In the afternoon when the good patients were on the steps and the ones who were getting well were out hoeing in the garden, there appeared at the window of the brick building on the other side of the lawn the frozen face of a gray mad woman who began to explain patiently in a quavering tone the time of her marriage and the country where she had come from and the city where she had lived, and her voice kept rising as she screamed out the violence she was planning. Her wild voice kept ringing over the lawns. No one on the steps seemed to hear her. Father Dowling walked over by the new ploughed land and he looked a long time at the rich brown fertile soil, heavy and dark and moist, and he looked at the
men in the big straw hats, working in the fields, and never raising their heads.
There were a few times when Father Dowling had a normal clarity in his thoughts. The first time came one afternoon, four days after he had come there. He was walking around the grounds when he suddenly realized that his thoughts were dreadfully clear. He walked all over, he talked to the men working in the garden, he spoke to some of the white-jacketed orderlies, he saw for the first time the face of the wretched gray-haired woman, he stood at the furthest extremity of the grounds looking out over the clear lake which was so very blue and calm to-day. “I'm out here because most of the time I'm out of my mind,” he thought. “God help me and make me well.” And he sat down by himself on the grass and wept.
But when he returned to the pavilion, to the smiling women and polite gentlemen, he talked to them for a long time with compassion till they walked away and left him.

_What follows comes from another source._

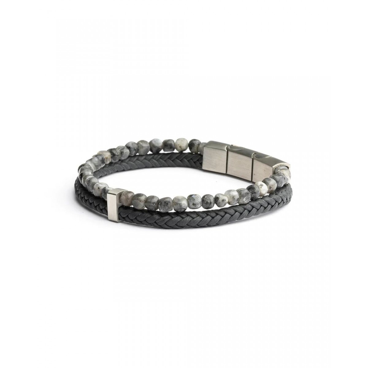 Le cuir gris utilisé pour ce Double Grey est vraiment exceptionnel : il est tissé à la main en Toscane, en Italie. Vous sentirez clairement la différence avec n'importe quel type de cuir que vous avez déjà essayé. Le bracelet est fini avec des pierres Larvikite de 4 mm de Norvège. Cette pierre est idéale pour se protéger des mauvaises influences, aborder les choses sous un angle supérieur et redonner au corps sa force et sa vitalité.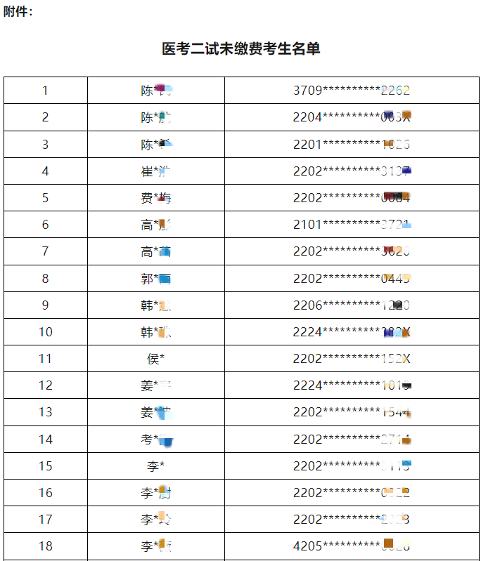 吉林考點目前尚有部分已報名參加吉林考點2025年醫(yī)師資格考試醫(yī)學綜合考試“一年兩試”二試但未在規(guī)定時間內(nèi)完成考試繳費的考生(以下簡稱醫(yī)考二試未繳費考生),現(xiàn)將醫(yī)考二試未繳費考生名單公布如下,為避免因不繳費造成無法參加考試現(xiàn)象發(fā)生,請上述考生務必認真核對繳費情況,于2025年10月30日(星期四)上午8:30-11:00到吉林市醫(yī)學會進行現(xiàn)場繳費,再次逾期不繳費視為考生本人自動放棄本年度醫(yī)考二試!咨詢電話:68066858 68066857

Later, after he had eaten, he went to his own small room. It had begun to get dark out. He was still grasping eagerly at his swift thoughts as if they were fresh and new and he could caress them. But then he began to weep again, and soon he began to pray.
He realized that he was mad from worrying about Ronnie and Midge, but his worry and love for them now seemed stronger than ever before. “It must all be to some purpose,” he thought. “It must be worth while, even my madness. It has some meaning, some end.” And in that quiet room, he wondered where the two girls were and what had become of them; they were among the living, they were moving among those who slowly passed before him, all those restless souls the world over who were struggling and dying and finding no
peace; he thought with sudden joy that if he would offer up his insanity as a sacrifice to God, maybe God might spare the girls their souls.
He knelt down in the twilight of the room, with his head just above the window ledge, with his face turned to the lake, and he said fervently, “O my God, accept my sickness and insanity as a sacrifice and I will willingly endure it, and my God, for this sacrifice I ask only that You spare the souls of those two poor girls. Preserve their souls and the souls of all the living who need Your pity and justice. Deliver them from all evil.” His hands were clenching the window sill and he remained silent for a long time.
Then he got up and stood looking out over the lake. The water was darkening now. There was a cold light on the water. There were no wave lines, no break, only the soft rise and enormous flow toward him. Growing calmer, he said, “I'm content now. I may have many periods of clarity,” and then he thought eagerly, “I can go on with my commentary on the Song of Songs.”
There was a peace within him as he watched the calm, eternal water swelling darkly against the one faint streak of light, the cold night light on the skyline. High in the sky three stars were out. His love seemed suddenly to be as steadfast as those stars, as wide as the water, and still flowing within him like the cold smooth waves still rolling on the shore.